* Your task
Apart from the pictures, every part of the records below gets retyped exactly.

..........

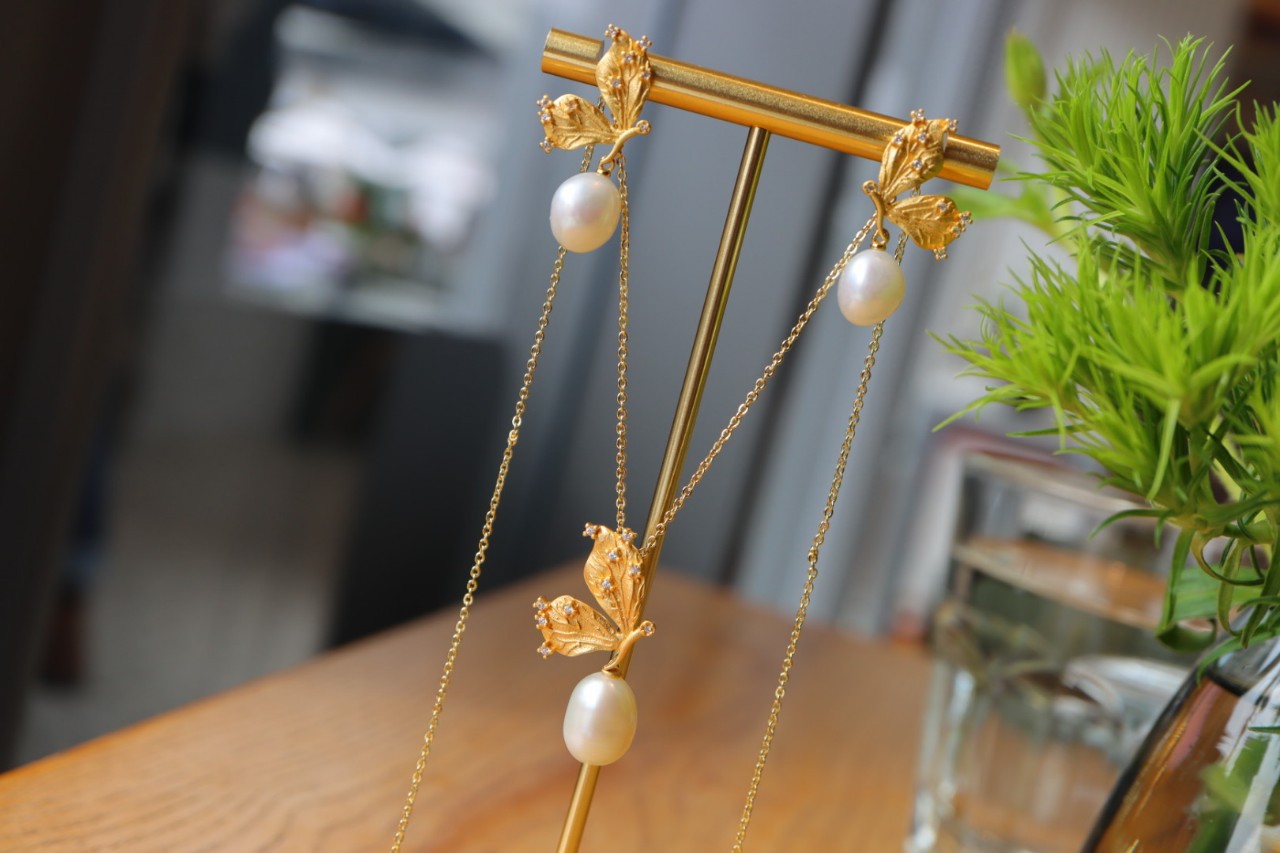 Baroque Butterfly Shape Gold Planted Sterling Silver Earings with Pearl
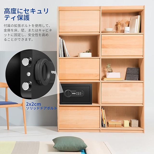 RPNB 金庫 家庭用 小型 電子金庫 保管庫 防犯セーフ デジタルキーボード 緊急キーでロック解除 現金 宝飾品 貴重品 A4ファイル収納ケース 床・壁に固定可能 家庭 事務所 旅館 店に適し 日本語マニュアル付き 8.5L
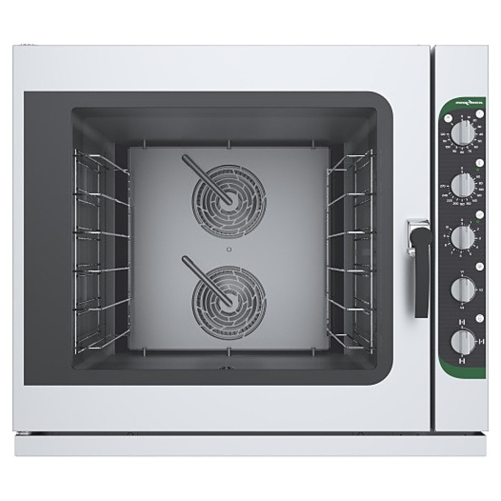 Пароконвектомат Пищевые Технологии ПР-06М предназначен для приготовления блюд и выпечки хлебобулочных изделий на предприятиях общественного питания. Может использоваться самостоятельно или в составе технологической линии. Модель оснащена электромеханической панелью управления, универсальными направляющими для гастроемкостей и противней и ручным таймером.
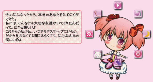 魔法少女のまどかが、かわいくデスクトップ上でおしゃべりします。
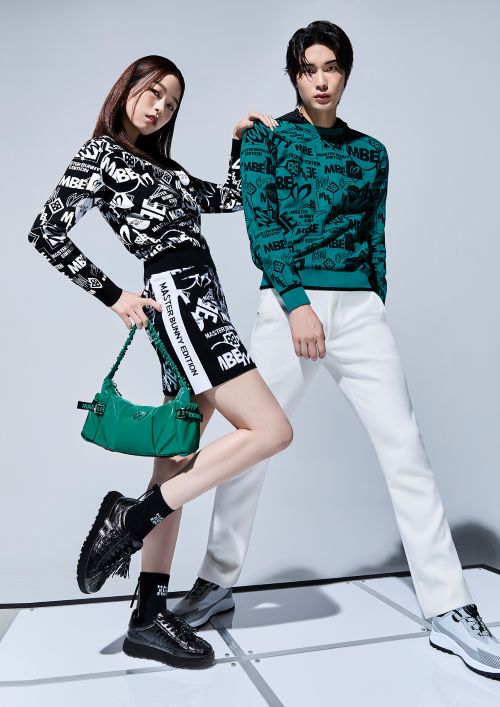 여자 모델은 블랙과 화이트의 대비감으로 강렬한 로고 플레이가 돋보이는 니트와 스커트 셋업을 착용해 개성 넘치는 스타일을 선보였다. 또한 메탈릭한 블랙 스니커즈와 그린 셔링 토트백을 매치해 경쾌한 분위기의 필드룩을 연출했다.
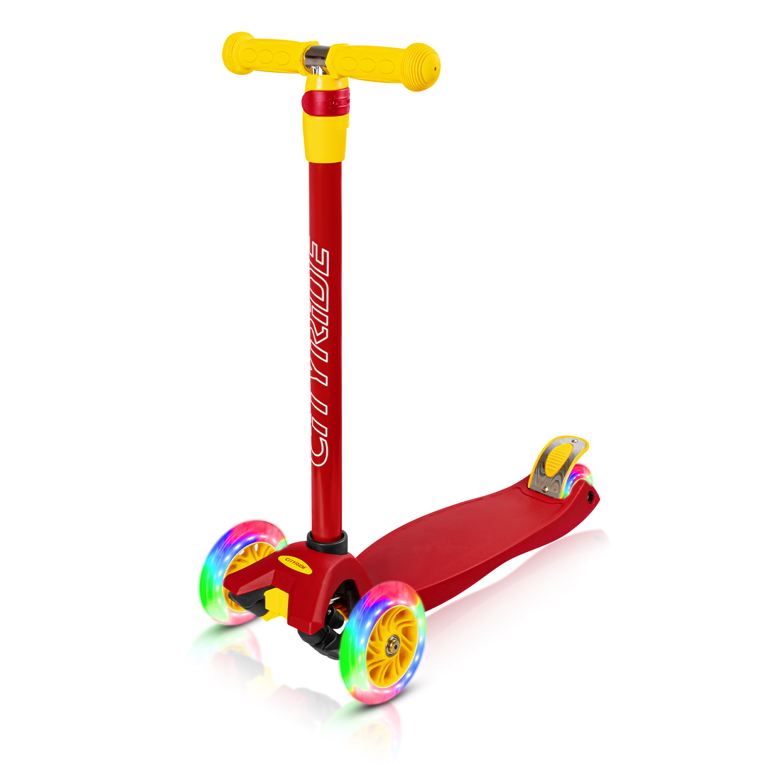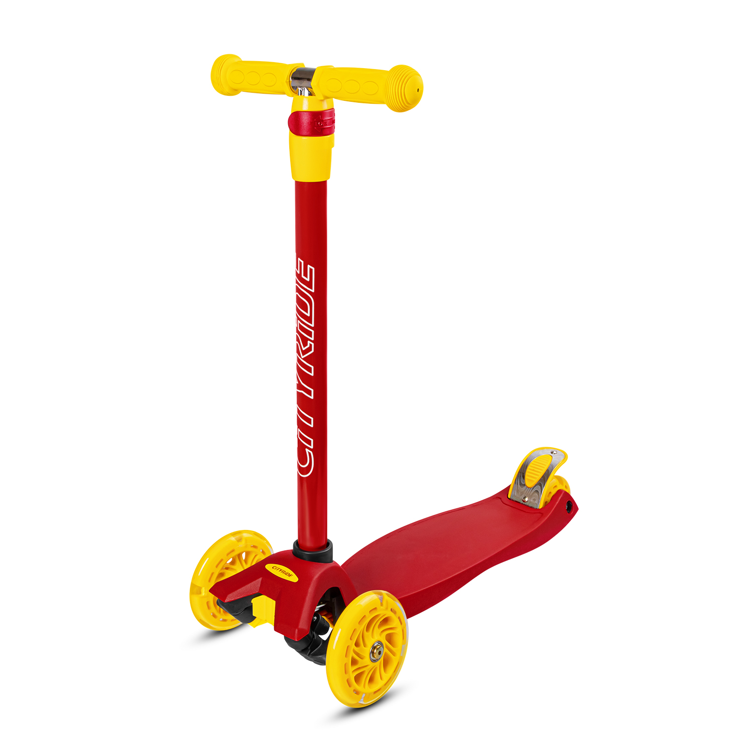 Самокат трехколесный CityRide, пакет, Дека: PP+нейлон, колеса PU 120/76 свет, руль металл телеск., цвет красный

..........

* Result for this task
 Baroque Butterfly Shape Gold Planted Sterling Silver Earings with Pearl
 RPNB 金庫 家庭用 小型 電子金庫 保管庫 防犯セーフ デジタルキーボード 緊急キーでロック解除 現金 宝飾品 貴重品 A4ファイル収納ケース 床・壁に固定可能 家庭 事務所 旅館 店に適し 日本語マニュアル付き 8.5L
 Пароконвектомат Пищевые Технологии ПР-06М предназначен для приготовления блюд и выпечки хлебобулочных изделий на предприятиях общественного питания. Может использоваться самостоятельно или в составе технологической линии. Модель оснащена электромеханической панелью управления, универсальными направляющими для гастроемкостей и противней и ручным таймером.
 魔法少女のまどかが、かわいくデスクトップ上でおしゃべりします。
 여자 모델은 블랙과 화이트의 대비감으로 강렬한 로고 플레이가 돋보이는 니트와 스커트 셋업을 착용해 개성 넘치는 스타일을 선보였다. 또한 메탈릭한 블랙 스니커즈와 그린 셔링 토트백을 매치해 경쾌한 분위기의 필드룩을 연출했다.
 Самокат трехколесный CityRide, пакет, Дека: PP+нейлон, колеса PU 120/76 свет, руль металл телеск., цвет красный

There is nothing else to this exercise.